Segment Open

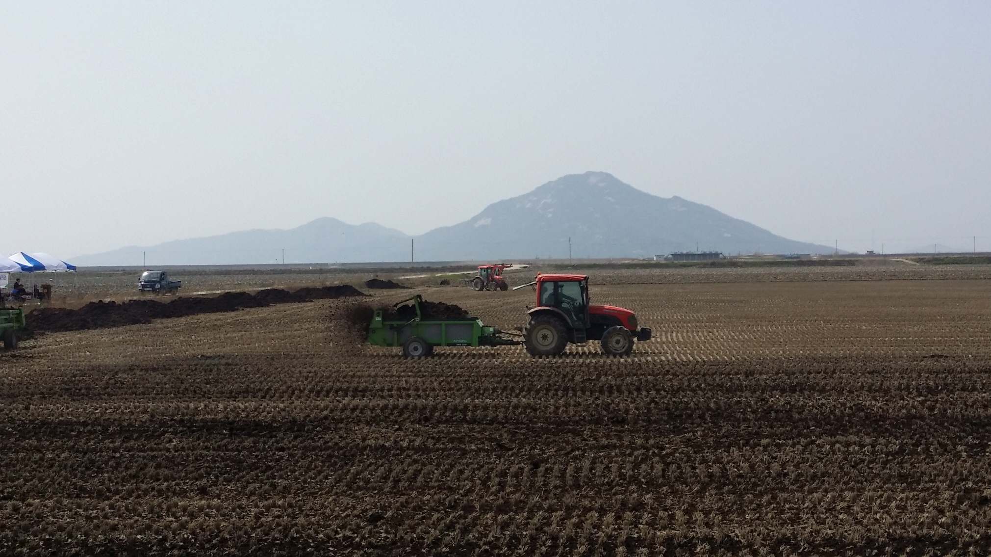 (사진 2매) 1. 논에 유기질 비료를 살포하고 있다
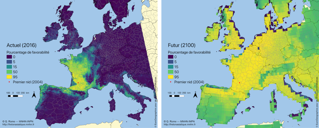 En 2100 dans 75 ans le frelon sera installé partout en Europe occidentale et sera présent dans tous les climats européens.
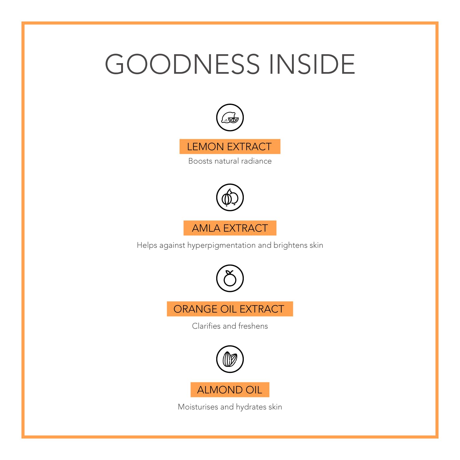 • Amla extract is packed with antithat have properties to keep your skin youthful."
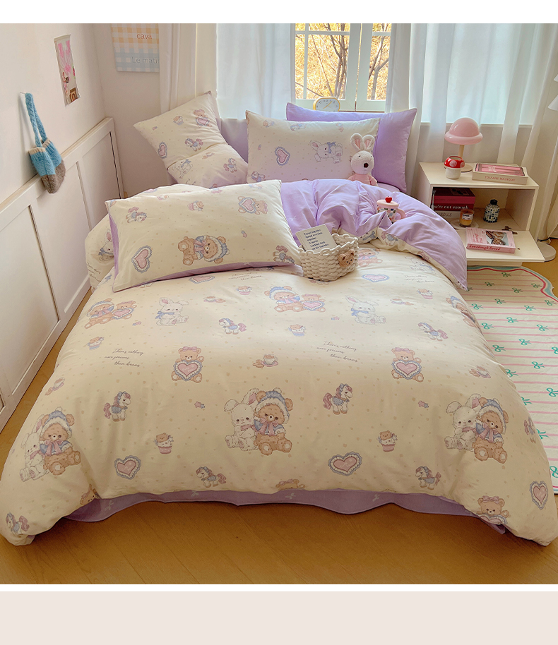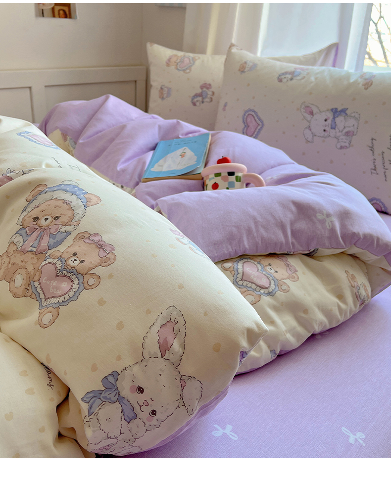 雅居纺家纺 2025新款全棉小清新四件套 椰果小熊
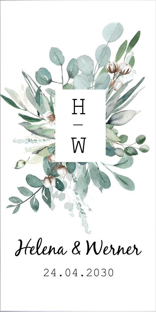 Hochzeitskerze Eukalyptus und Monogramm – 20 cm hoch, 8 cm Ø
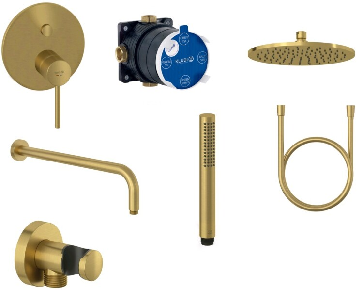 Душевой комплект Kludi Bozz 38658N076 со смесителем брашированное золото купить
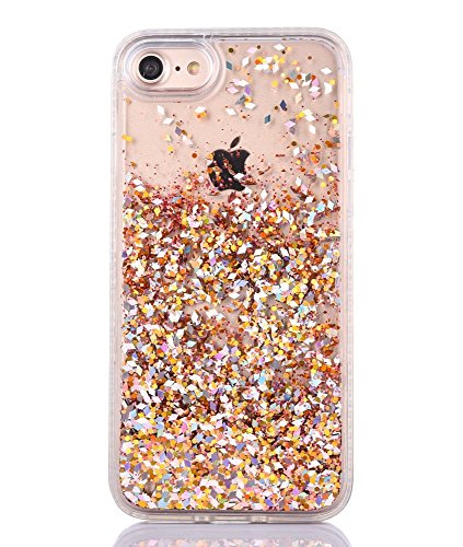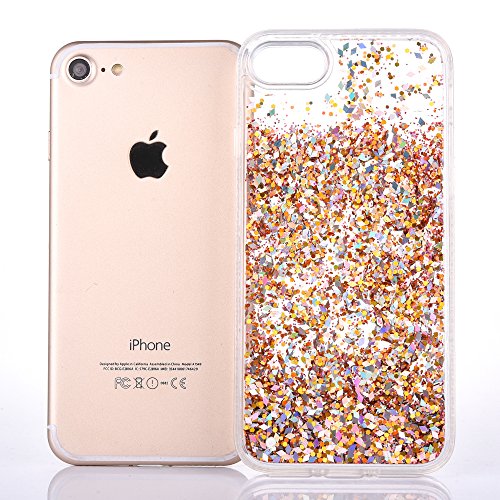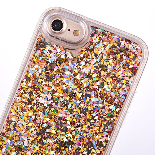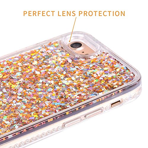 iPhone 7 Glitter Liquid Case - 3D Creative Cute Fun Liquid Glitter Sparkle Case Cover with Soft Diamond Shining Bumper Anti-scratch Cover Case for iPhone 7 / 4.7inch (Diamond Gold)
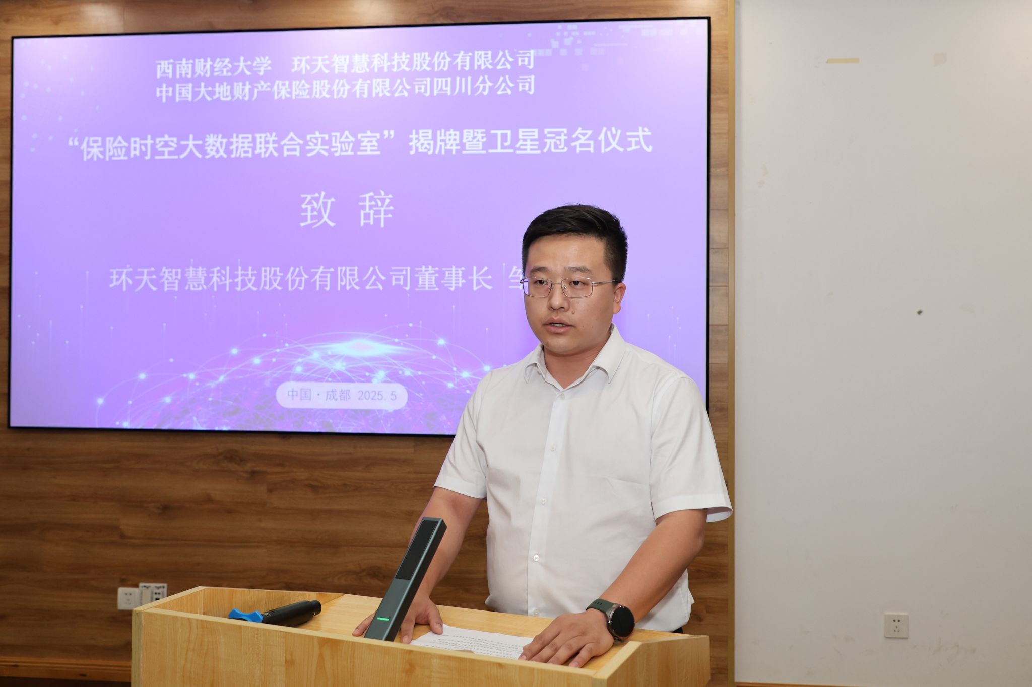 王擎在致辭中表示,學校獲贈衛星冠名權意義深遠。未來,學校將借助環天智慧在時空大數據領域技術實力,結合自身金融保險學科專業優勢,以及中國大地保險四川分公司行業經驗,以衛星資源為依托,開展前瞻性保險時空大數據研究,打造“科研創新、人才培養、社會服務”三位一體平臺,努力推動學校適應保險行業數字化轉型,為教育強國、金融強國和行業發展建設貢獻力量。

Segment Closed

### Exercise instructions
Print exactly the lines from the first line of the records above through the line containing "雅居纺家纺 2025新款全棉小清新四件套 椰果小熊", both included, and leave the pictures out.

### Solution to this exercise
 (사진 2매) 1. 논에 유기질 비료를 살포하고 있다
 En 2100 dans 75 ans le frelon sera installé partout en Europe occidentale et sera présent dans tous les climats européens.
 • Amla extract is packed with antithat have properties to keep your skin youthful."
 雅居纺家纺 2025新款全棉小清新四件套 椰果小熊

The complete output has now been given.